According to BCO, up until December 2022, of the 1163 male inmates, only 43 (or 3.7 percent) had a tertiary level of education, and only 141 (or 12 percent) had up to a Fourth Form high school education.
Interestingly, 977 male inmates have education below a fourth-form level. The data also shows that 47 percent (or 550 out of the 1163) had some level of primary education, with 207 inmates having actually not completed Standard Six. If the number of persons who lack any education at all is included (i.e., 74), the number increases to 281 out of 624 lacking a completed primary education.
''Certainly, there is a link between those who did not finish school and them getting involved in crime,” said long-time activist in youth affairs and author of the book “Insights Into Gang Culture in Belize: Essays on Youth, Crime, and Violence,” Nuri Muhammad. “Crime, primarily, is used as an economic way to provide because they do not have the education to get a job.”
Muhammad underscored to our newsroom that there is, indeed, a negative correlation between education and the likelihood of young men entering a criminal lifestyle.

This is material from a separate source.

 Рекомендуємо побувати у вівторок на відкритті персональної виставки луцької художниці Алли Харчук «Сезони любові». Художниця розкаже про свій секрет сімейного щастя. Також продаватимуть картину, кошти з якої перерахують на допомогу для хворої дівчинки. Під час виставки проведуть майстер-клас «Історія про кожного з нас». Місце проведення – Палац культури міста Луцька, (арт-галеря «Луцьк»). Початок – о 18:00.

Muhammad explained that many of the inmates would usually commence their criminal carrier by handling stolen goods or selling drugs as a means of generating income. Eventually, in some cases, these same people would get involved in other lawless behavior known as secondary violence, which can include murder, harm, or attempted murder.

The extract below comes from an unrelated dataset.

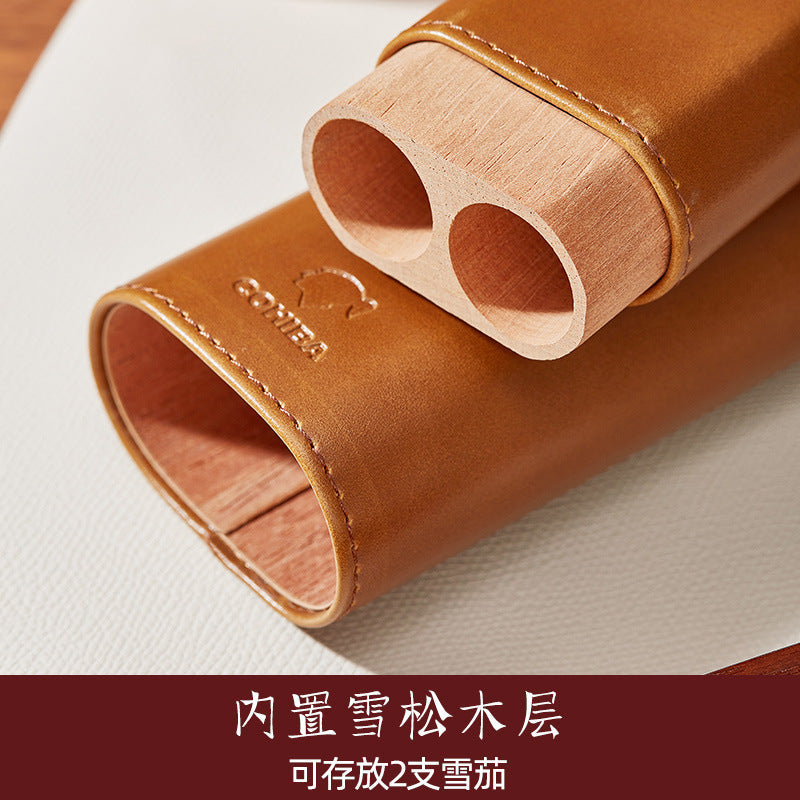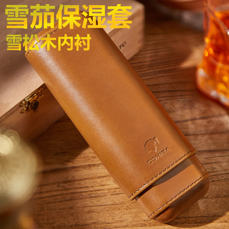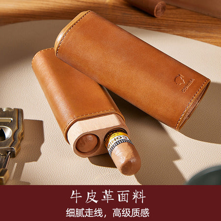 The moisturizing portable cigar case features cedar wood lining that naturally maintains humidity and enhances the aroma of your cigars. The durable cow leather exterior provides strong protection against impact, scratches, and environmental factors. With space for multiple cigars and included gift boxes, it is perfect for collectors, business professionals, or as an elegant gift.

While Muhammad says that he will be the first to admit that those individuals are in prison due to their social circumstances, it does not justify their behavior. He pointed out that there are a lot of people in society that are poor and did not get the chance to finish school; however, they have never committed a crime, and despite that, they have chosen to be productive citizens.
“So it is not a proper logic to say because you have committed a crime is because you are poor, or the other way around, once you are poor, you will commit a crime. Those two do not go together,” Muhammad clarified. “What is true is that when you study those who are in prison, you find that a large percentage of them did not finish primary school. There are also people in all these villages that haven't even gone to school and are not involved in any crime, so you need to understand that there are other circumstances that contributed to these young men being in prison in such large numbers.”
Some of those circumstances, according to Muhammad, include poverty, lack of education, and lack of economic opportunities, among several others.
When we asked about steps that the government can take to address the problem, Muhammad, who is a member and senior advisor to the Leadership Intervention Unit (LIU), indicated that the LIU program, which is expected to be launched in the upcoming weeks, will assist in addressing the problem of young people and crime at a lower level. However, according to him, that will not be enough.
“You also need to spend time in education and ensure that the education department expands the opportunities for more young people to get into school. Once we are able to do that, I think we will be able to stem the tide because young persons who are in school or are gainfully employed are less likely to get in trouble with the law. They are busy with school or work and do not have time for anything else,” advised Muhammad.
He pointed out that the majority of the time, idle minds set the precedence for criminal behavior; however, if young people are in school and engaged in cognitive and rational disciplinary thinking, then the chances of them getting involved in criminal behavior decrease.
“It is only when they are intelligent enough to make the right decision that they will avoid getting involved and doing something that is criminal,” ended Muhammad.